Look below for the line containing "먼저 이용거리, 이용시간", then write out that line and every line after it to the end, exactly, minus the pictures.

Supplied data:
--- --- ---
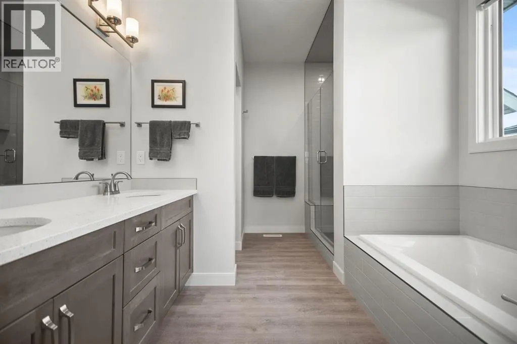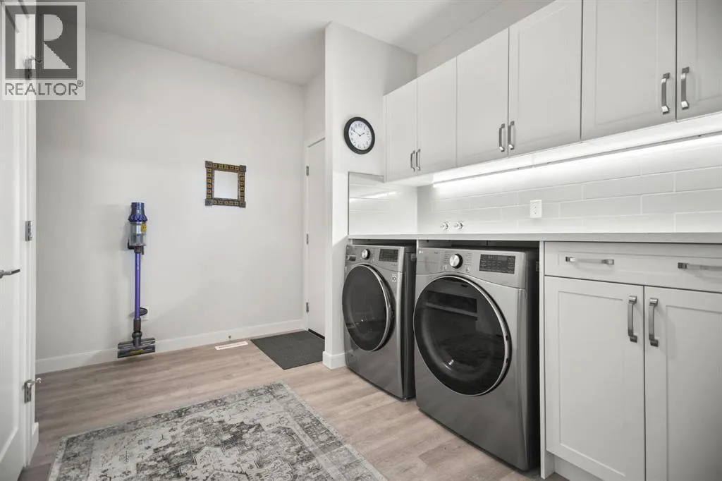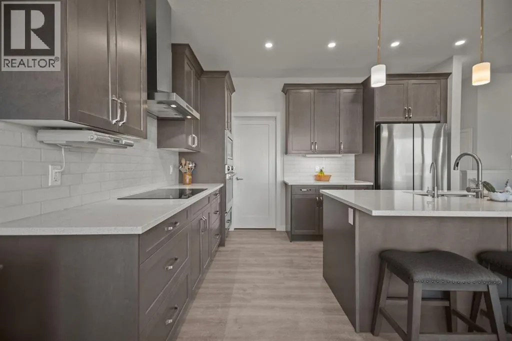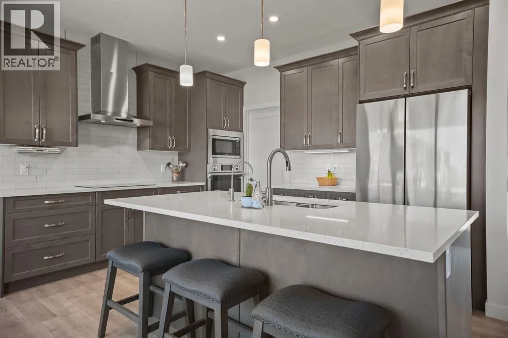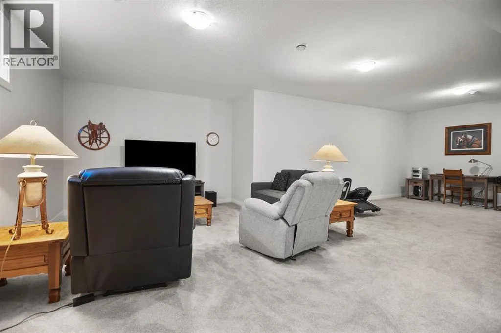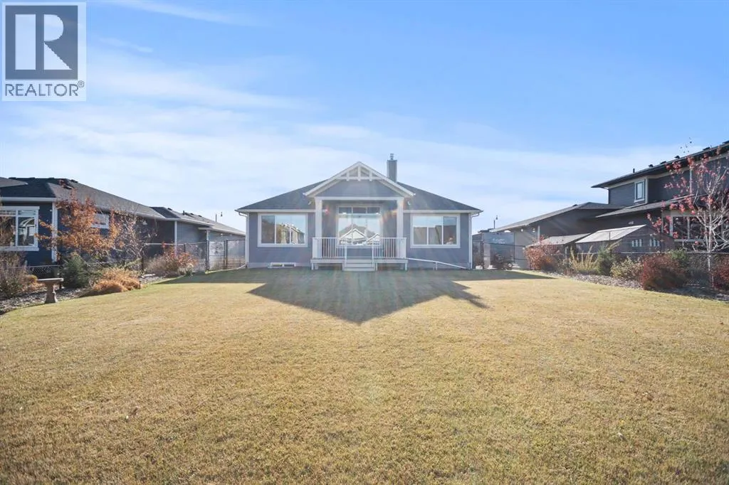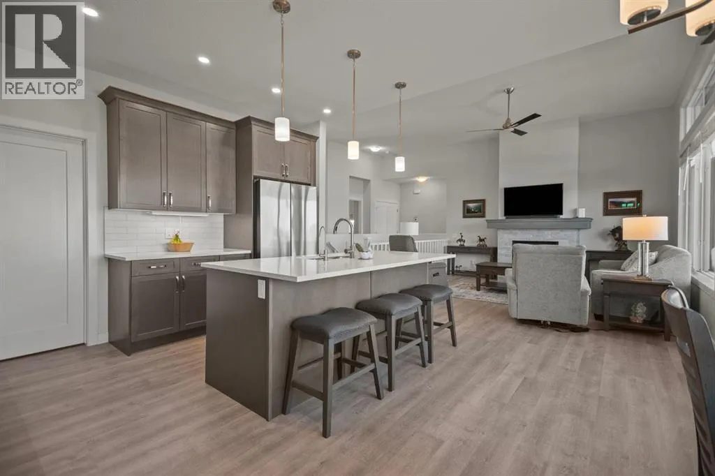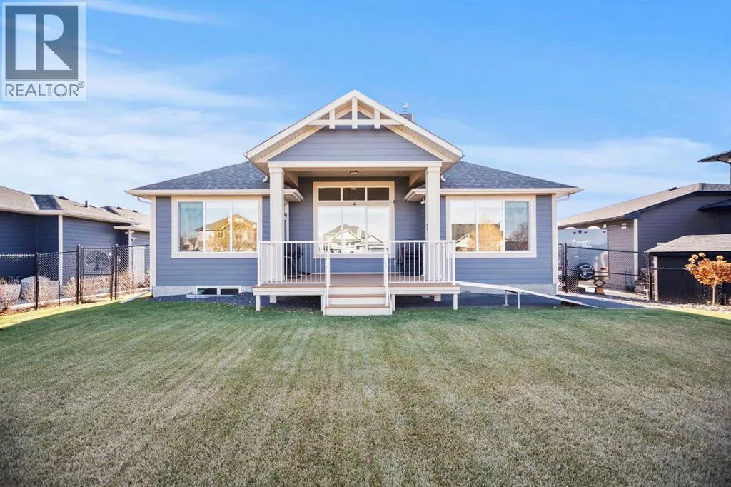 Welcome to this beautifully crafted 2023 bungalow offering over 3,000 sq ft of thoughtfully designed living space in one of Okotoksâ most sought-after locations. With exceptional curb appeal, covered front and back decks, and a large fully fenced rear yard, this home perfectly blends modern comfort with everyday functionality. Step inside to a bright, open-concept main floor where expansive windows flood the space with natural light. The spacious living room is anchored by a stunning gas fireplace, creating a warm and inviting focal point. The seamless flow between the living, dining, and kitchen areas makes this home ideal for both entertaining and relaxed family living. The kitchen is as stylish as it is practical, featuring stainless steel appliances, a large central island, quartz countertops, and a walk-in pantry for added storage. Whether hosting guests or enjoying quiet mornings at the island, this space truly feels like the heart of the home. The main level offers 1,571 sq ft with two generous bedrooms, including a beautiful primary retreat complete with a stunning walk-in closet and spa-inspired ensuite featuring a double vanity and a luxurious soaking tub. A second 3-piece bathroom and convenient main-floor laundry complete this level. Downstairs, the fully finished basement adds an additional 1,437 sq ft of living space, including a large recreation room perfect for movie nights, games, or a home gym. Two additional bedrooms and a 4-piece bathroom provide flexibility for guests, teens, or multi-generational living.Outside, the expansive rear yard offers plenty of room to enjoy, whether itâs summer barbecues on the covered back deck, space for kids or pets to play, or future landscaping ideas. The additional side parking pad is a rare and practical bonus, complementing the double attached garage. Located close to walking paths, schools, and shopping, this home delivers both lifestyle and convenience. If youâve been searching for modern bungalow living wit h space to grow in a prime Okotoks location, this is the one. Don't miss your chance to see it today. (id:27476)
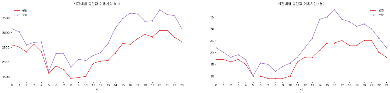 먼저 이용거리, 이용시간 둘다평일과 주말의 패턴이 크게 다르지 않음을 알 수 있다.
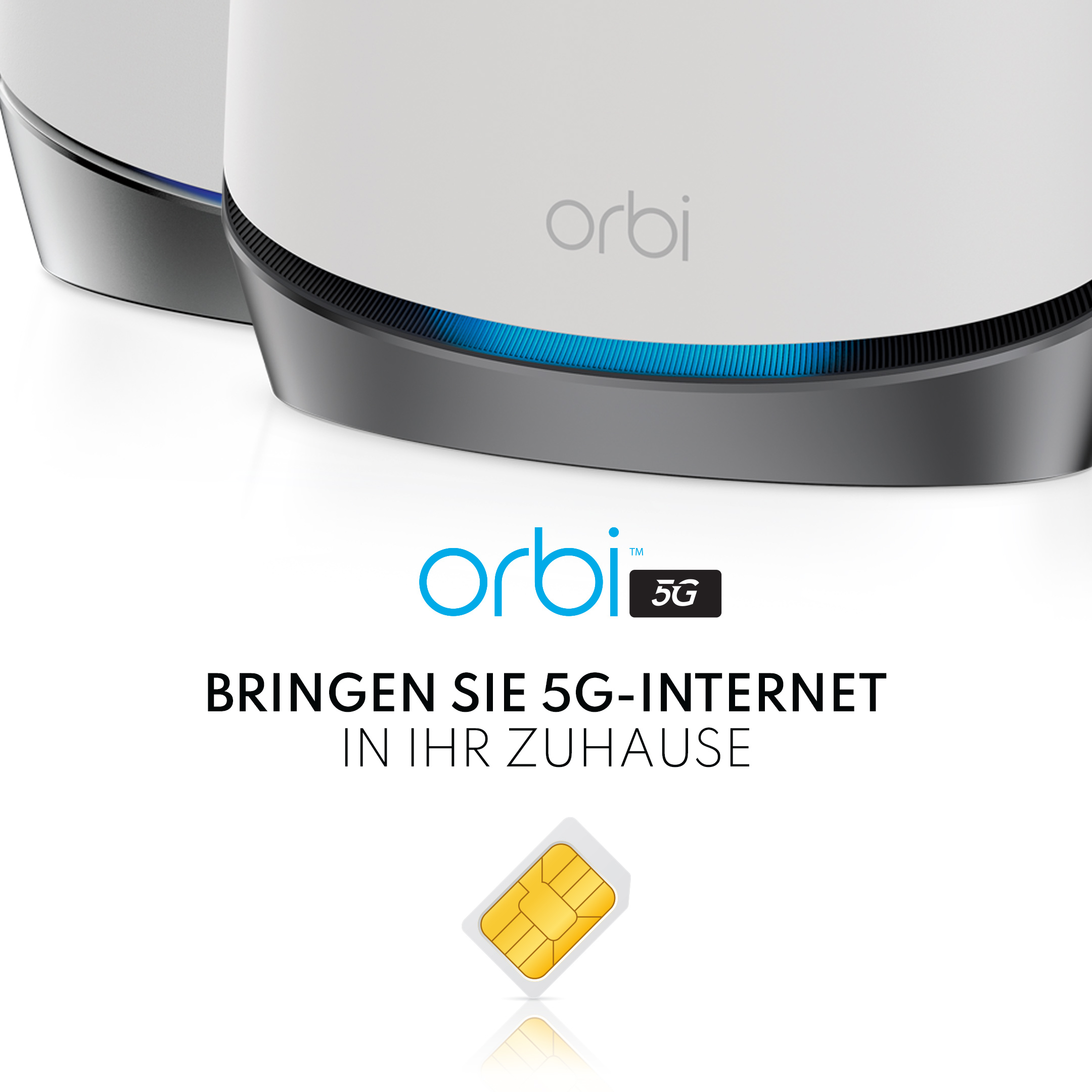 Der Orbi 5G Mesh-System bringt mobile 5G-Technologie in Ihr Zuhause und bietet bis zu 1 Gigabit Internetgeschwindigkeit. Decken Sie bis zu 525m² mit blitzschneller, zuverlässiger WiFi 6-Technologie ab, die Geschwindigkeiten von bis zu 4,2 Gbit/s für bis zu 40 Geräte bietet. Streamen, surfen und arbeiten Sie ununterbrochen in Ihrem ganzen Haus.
--- --- ---
Task answer:
 먼저 이용거리, 이용시간 둘다평일과 주말의 패턴이 크게 다르지 않음을 알 수 있다.
 Der Orbi 5G Mesh-System bringt mobile 5G-Technologie in Ihr Zuhause und bietet bis zu 1 Gigabit Internetgeschwindigkeit. Decken Sie bis zu 525m² mit blitzschneller, zuverlässiger WiFi 6-Technologie ab, die Geschwindigkeiten von bis zu 4,2 Gbit/s für bis zu 40 Geräte bietet. Streamen, surfen und arbeiten Sie ununterbrochen in Ihrem ganzen Haus.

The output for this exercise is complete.